The author, an acknowledged expert in reading classic texts, offers an enjoyable exploration of the key phases of Akiva’s life: his transformation from ignorant shepherd to leading scholar, his courtship and marriage, his pre-eminence in the rabbinic world of his time, his transcendent experience in the divine “orchard” and his horrible death.
Holtz expertly teases Akiva’s core character traits from a plethora of midrashic sources to fashion a complex, yet likeable, religious leader who is at once pragmatist and dreamer, punctilious intellectual and passionate lover.

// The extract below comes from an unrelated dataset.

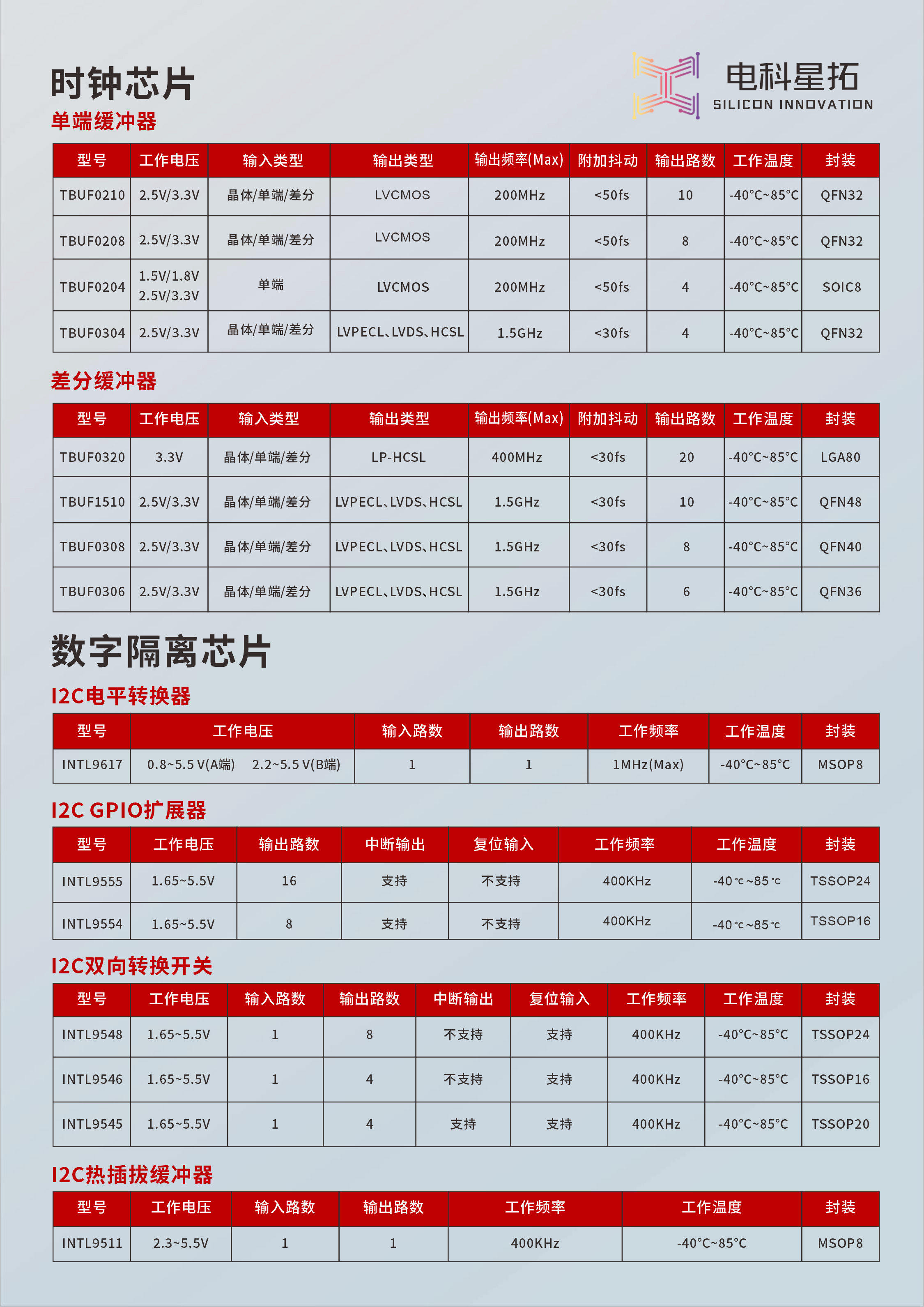 TBUF0304 2.5V/3.3V crystal/single-ended/differential LVPECL、LVDS、HCSL 1.5GHz <30fs 4 -40℃~85℃ QFN32

Yet Holtz’s most significant contribution lies in the way he shapes a credible biography from hagiographic and retrospective sources. Following the methodology of the late Jacob Neusner, he builds a picture of Akiva in context, “a window on to a world from the past”. By acknowledging the inherent ahistoricity of the narratives, Holtz is “imagining a biography of Akiva”, compiling and harmonising conflicting sources to establish a likely picture of the man.
An interesting and valuable work, both in terms of understanding Rabbi Akiva himself and as an archetype for future studies.